▶ [DATA EXCERPT]

[Start of Attachment]

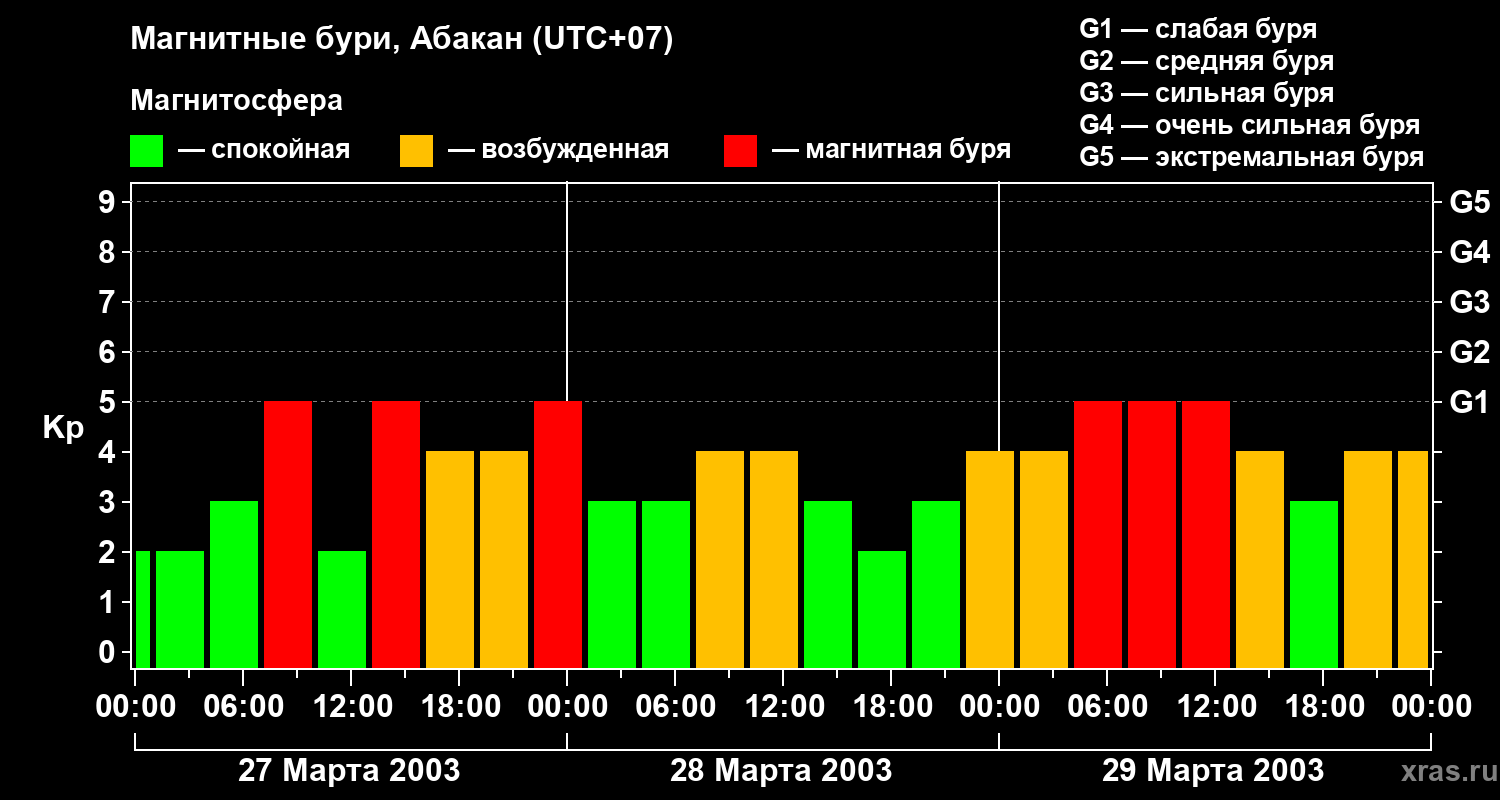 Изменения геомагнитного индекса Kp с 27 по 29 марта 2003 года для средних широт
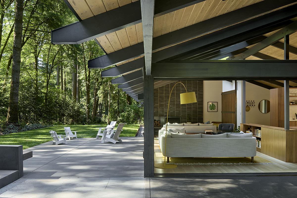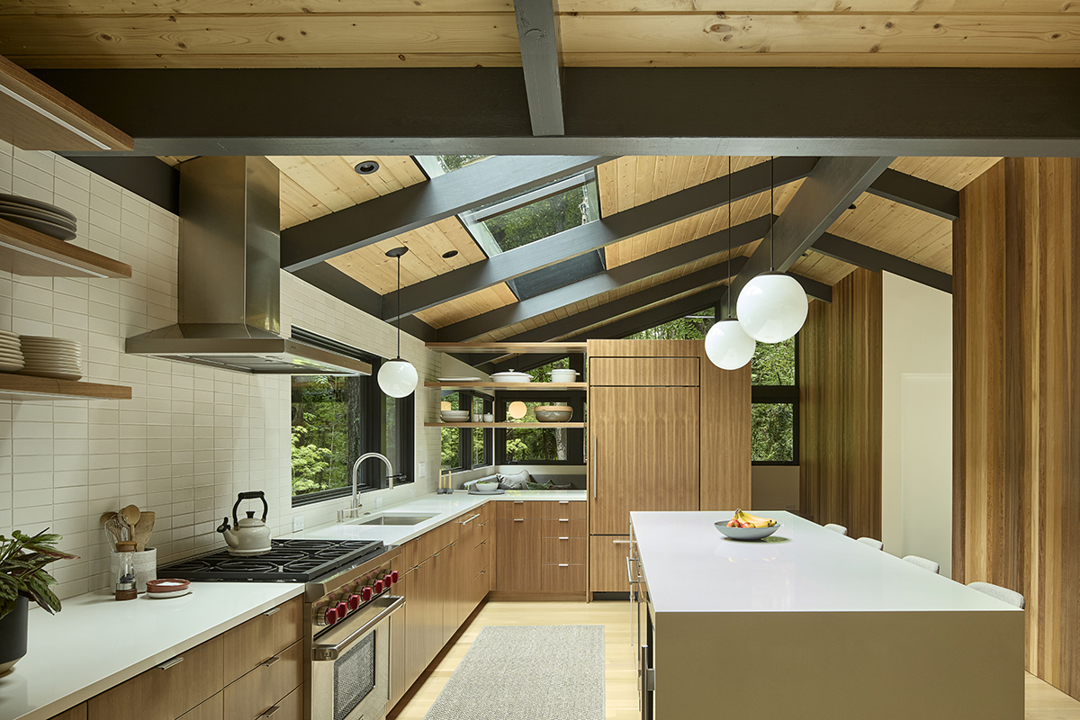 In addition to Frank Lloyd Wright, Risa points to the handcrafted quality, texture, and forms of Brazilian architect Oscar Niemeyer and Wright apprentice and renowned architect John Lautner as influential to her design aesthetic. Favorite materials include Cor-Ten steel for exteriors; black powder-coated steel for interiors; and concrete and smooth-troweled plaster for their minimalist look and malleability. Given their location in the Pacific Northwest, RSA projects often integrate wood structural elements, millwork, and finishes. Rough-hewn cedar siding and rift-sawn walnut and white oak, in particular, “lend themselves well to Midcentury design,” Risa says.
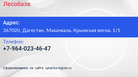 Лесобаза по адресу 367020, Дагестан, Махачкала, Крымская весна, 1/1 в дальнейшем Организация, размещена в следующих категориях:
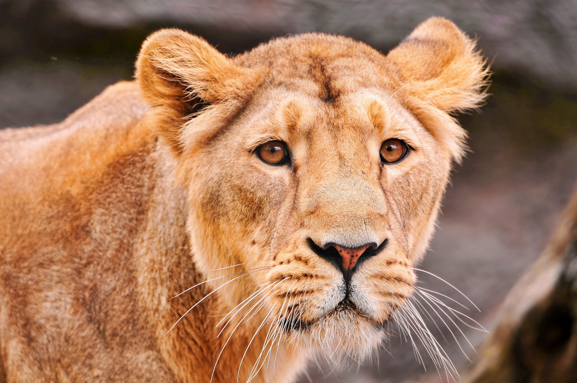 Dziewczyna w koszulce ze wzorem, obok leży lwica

[End of Attachment]

▶ [WHAT THE TASK ASKS] Make an exact copy of the lines from the top of the material through the line with "In addition to", pictures excluded.

▶ [OUTPUT OF THE TASK]
 Изменения геомагнитного индекса Kp с 27 по 29 марта 2003 года для средних широт
 In addition to Frank Lloyd Wright, Risa points to the handcrafted quality, texture, and forms of Brazilian architect Oscar Niemeyer and Wright apprentice and renowned architect John Lautner as influential to her design aesthetic. Favorite materials include Cor-Ten steel for exteriors; black powder-coated steel for interiors; and concrete and smooth-troweled plaster for their minimalist look and malleability. Given their location in the Pacific Northwest, RSA projects often integrate wood structural elements, millwork, and finishes. Rough-hewn cedar siding and rift-sawn walnut and white oak, in particular, “lend themselves well to Midcentury design,” Risa says.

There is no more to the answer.